DENTAL CARE provides a good illustration. Top-drawer benefits include (in addition to a lifetime of routine visits) corrective procedures (over/underbite, braces, retainers, implants, cosmetic correctives, root canals & crowns) and lately access to 3-D implant creations while you wait. Those with less settle for “just the basics” which may include everyday fillings, extractions and dentures. Further down are the population who only go to a dentist when there is a problem — usually a conspicuous decayed place or toothache. And at the bottom are dental emergencies that report to hospital ED, disparately seeking pain relief. (This is one of several root causes of the opioid epidemic as people in pain shop black-market pain remedies.)
Bottom line: American dental are is why a fourth of Medicare-age beneficiaries no longer have any of their natural teeth.
Having followed this discussion for the last ten or fifteen years, I don’t expect lay people to do much more than read the headlines and hope for the best. Those who are curious would do well to look at how healthcare is managed (or not) in other countries. Short version: single-payer plus private insurance with wage and price controls that most Americans consider a pathway to tyranny.

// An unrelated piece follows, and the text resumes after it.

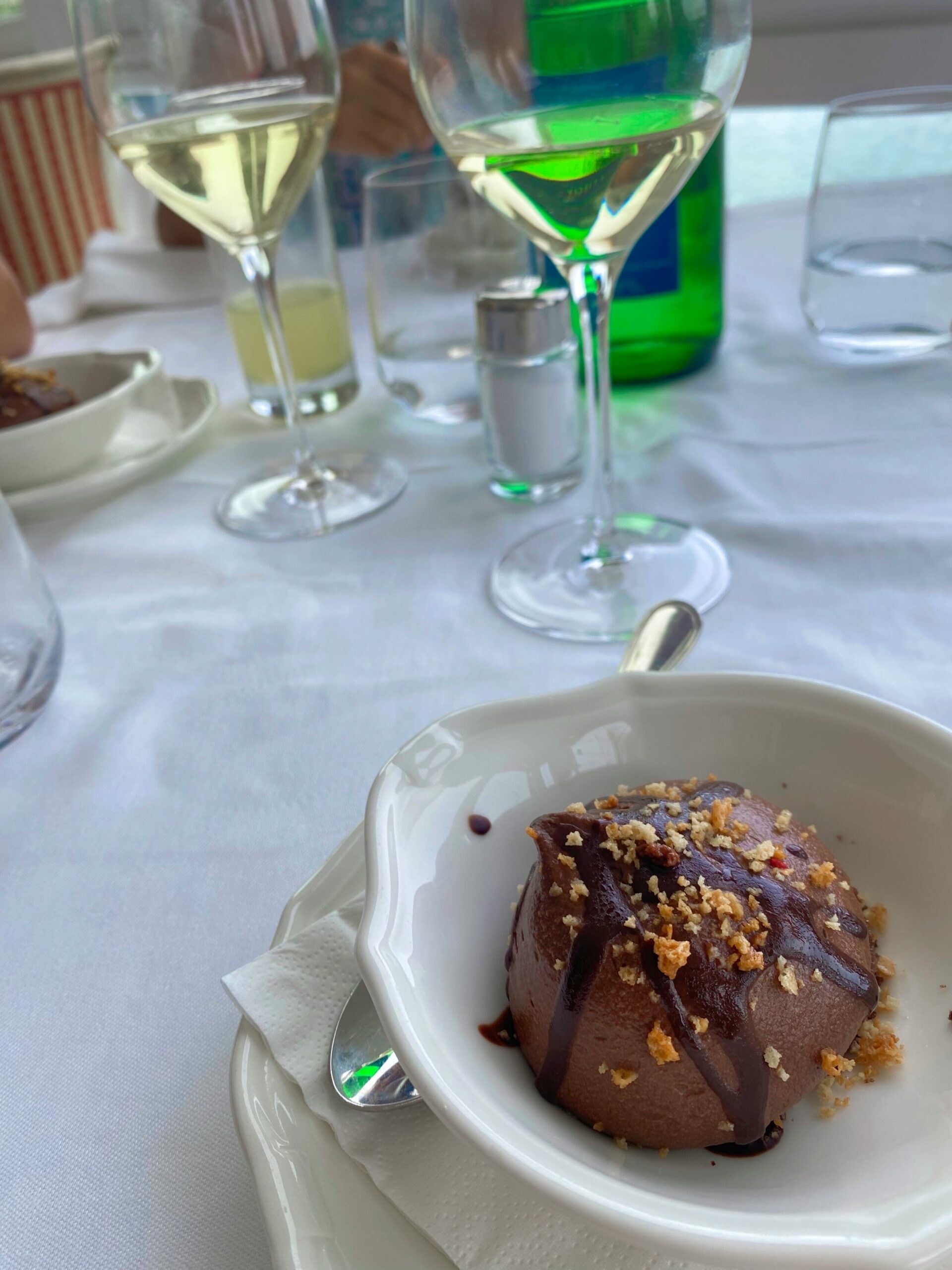 This is where we had the famous zucchini pasta, along with chicken, salad, bread, and a chocolate hazelnut mousse dessert.

The era of onerous rationing has arrived, personified by this story. Given the history, I wonder how his diabetic health care, at onset, was organized: diligence with diet & testing or just a prescription called in every 6 months. Was he followed every 3 months or “once in awhile” for his blood pressure? Did he have any dental care?
.
I cannot imagine the angst associated with this person’s final days. In spite of the larger picture, it is hard to imagine that Anish could continue his commitment to spontaneously generate trust, collaboration and reciprocity (Social capital) for solving the social dilemmas that occur daily for many citizens within the civil life of healthcare.
Tx for the kind words Paul!
Barry, we could always do better. There are bad doctors that operate freely. Our professional societies are lax. In general, I think there’s a good matches driven by referring doctors- but nothing is perfect. The public and you want perfection- not sure that’s achievable and the pursuit of such May cause the system to regress rather than progress
This is indeed a powerful story and a classic illustration of unintended consequences…If I’m a patient like Joe, though, what alternative mechanism do I have to identify and avoid the “bad apples” if I don’t have a knowledgeable doctor or nurse in my family or among my circle of friends? Doctors, like most professionals, have a strong bias toward protecting their own and the record of removing the small number of lousy doctors from practicing medicine is less than stellar to put it mildly. Ideally, there would be a good, professional, objective referral center that could help to steer patients toward high quality doctors rather than just give them a list of names without comment but even that may not be of much use for a patient who lands in the ER and needs surgery immediately.
What would be helpful, in my opinion, is for the profession to do a better job of weeding out the small number of bad doctors. Too often, I think, the mentality of the committee members charged with making such decisions is (1) there but for the grace of God go I, (2) he probably has a mortgage and a family to support so (3) let’s not take away his livelihood.. That attitude certainly helps the doc. The patient, not so much.
Anish, This is a powerful and disturbing story!….and deserves wide distribution. With a little editing it ought to be submitted to the Wall Street Journal op-ed page…..or Washington Post or NY Times.